Shunwei Capital () is a Beijing-based venture capital firm founded in 2011. It was founded by Lei Jun (the founder and CEO of Xiaomi) and Tuck Lye Koh. The firm focuses on investing in the technology sector in China as well as other countries such as India and Indonesia. According to South China Morning Post, from January 2019 to May 2020, it was the ninth most active venture capital firm in China.

Background 
Shunwei Capital was founded in 2011 by Lei Jun and Tuck Lye Koh. Both of them were experienced with the technology scene in China. Lei was previously the CEO of Kingsoft until 2007 as well as founder of Xiaomi in 2010 while Koh was a Singaporean who worked in China for GIC and C.V. Starr Investment Advisors dealing with technology investments.
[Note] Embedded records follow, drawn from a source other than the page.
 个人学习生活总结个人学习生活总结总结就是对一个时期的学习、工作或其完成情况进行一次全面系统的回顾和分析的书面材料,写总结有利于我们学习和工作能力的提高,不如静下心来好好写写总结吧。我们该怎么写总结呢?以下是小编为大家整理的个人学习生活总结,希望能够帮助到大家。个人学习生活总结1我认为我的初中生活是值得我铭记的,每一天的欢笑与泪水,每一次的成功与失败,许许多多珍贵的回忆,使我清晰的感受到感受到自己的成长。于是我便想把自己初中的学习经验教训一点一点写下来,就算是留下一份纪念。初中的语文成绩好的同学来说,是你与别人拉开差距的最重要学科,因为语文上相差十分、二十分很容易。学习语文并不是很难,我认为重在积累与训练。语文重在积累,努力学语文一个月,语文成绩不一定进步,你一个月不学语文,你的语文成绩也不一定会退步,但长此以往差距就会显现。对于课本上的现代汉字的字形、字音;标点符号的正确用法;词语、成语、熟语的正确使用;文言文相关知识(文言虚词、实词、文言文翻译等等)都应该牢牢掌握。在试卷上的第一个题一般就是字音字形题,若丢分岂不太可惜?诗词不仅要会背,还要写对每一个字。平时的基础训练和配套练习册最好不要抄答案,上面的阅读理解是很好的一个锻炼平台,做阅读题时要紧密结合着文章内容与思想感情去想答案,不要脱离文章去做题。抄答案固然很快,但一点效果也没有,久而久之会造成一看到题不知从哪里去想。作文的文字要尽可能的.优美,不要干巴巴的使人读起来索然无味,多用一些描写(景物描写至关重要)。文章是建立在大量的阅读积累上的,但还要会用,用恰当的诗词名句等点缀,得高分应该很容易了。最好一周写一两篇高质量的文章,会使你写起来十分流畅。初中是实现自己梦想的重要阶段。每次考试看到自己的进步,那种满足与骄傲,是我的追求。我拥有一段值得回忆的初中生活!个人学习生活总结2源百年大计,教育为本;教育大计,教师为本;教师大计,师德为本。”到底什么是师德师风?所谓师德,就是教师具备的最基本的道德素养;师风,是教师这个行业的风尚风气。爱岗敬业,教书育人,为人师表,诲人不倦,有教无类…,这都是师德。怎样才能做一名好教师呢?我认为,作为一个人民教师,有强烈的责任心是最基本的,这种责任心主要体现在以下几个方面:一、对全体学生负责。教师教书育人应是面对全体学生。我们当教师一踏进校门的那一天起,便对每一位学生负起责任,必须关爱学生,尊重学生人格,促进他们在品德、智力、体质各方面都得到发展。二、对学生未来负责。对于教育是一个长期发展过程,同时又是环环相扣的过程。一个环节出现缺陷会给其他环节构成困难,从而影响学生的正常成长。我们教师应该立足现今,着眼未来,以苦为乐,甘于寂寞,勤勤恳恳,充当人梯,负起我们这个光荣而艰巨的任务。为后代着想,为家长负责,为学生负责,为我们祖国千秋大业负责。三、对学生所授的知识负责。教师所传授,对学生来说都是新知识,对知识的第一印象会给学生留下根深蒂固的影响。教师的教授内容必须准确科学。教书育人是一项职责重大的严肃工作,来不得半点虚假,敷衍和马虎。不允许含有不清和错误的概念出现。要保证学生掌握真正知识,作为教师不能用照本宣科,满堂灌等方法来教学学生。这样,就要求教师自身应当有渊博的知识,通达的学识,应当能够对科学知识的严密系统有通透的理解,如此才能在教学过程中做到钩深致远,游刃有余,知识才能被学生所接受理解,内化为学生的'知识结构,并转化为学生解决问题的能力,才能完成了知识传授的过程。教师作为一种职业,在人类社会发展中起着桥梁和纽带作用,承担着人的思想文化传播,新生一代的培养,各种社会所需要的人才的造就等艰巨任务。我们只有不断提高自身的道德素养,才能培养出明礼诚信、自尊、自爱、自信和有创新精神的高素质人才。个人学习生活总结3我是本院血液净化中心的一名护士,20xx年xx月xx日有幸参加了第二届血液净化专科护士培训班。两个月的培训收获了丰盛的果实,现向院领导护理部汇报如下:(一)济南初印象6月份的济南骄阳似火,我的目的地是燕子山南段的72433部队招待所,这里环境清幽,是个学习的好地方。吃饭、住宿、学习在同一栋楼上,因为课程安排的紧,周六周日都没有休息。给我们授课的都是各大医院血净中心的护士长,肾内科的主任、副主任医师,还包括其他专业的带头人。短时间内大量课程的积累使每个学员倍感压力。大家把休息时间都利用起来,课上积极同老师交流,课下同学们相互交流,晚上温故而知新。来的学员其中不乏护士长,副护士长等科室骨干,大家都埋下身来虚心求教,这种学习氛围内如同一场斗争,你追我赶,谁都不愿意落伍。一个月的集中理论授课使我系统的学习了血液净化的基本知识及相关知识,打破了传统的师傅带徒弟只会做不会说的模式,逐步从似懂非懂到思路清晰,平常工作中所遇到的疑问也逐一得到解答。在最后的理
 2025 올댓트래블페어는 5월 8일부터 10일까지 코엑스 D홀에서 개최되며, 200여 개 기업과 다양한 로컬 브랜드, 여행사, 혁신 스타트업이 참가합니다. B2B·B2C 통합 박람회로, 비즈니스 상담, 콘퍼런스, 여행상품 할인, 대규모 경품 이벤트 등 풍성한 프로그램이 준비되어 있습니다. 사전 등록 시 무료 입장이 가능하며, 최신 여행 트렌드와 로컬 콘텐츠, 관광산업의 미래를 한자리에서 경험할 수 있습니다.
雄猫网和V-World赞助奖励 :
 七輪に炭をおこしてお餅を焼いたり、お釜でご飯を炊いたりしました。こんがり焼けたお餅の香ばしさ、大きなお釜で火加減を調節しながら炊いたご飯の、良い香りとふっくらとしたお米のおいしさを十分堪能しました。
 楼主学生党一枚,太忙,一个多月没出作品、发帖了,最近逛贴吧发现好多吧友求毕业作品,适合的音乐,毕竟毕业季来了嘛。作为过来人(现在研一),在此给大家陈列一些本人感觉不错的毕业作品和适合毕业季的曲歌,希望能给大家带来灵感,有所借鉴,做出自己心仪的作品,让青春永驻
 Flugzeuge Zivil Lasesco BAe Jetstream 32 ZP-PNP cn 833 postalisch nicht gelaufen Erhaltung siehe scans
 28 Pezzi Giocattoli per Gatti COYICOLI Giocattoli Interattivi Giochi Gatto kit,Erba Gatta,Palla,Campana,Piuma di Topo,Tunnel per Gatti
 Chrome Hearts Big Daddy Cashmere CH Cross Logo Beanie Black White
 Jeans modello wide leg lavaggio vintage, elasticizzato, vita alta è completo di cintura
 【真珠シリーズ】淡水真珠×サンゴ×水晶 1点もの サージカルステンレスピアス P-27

The firm provides growth capital to internet and technology companies mainly in China but also in other countries such as India and Indonesia. Investments have been made by the firm in telecommunications, digital media, video games, rural internet, and financial technology sectors. As of 2020, the firm has invested in over 400 companies. 

Investors of the firm include sovereign wealth funds, funds of funds, university endowment funds and family offices.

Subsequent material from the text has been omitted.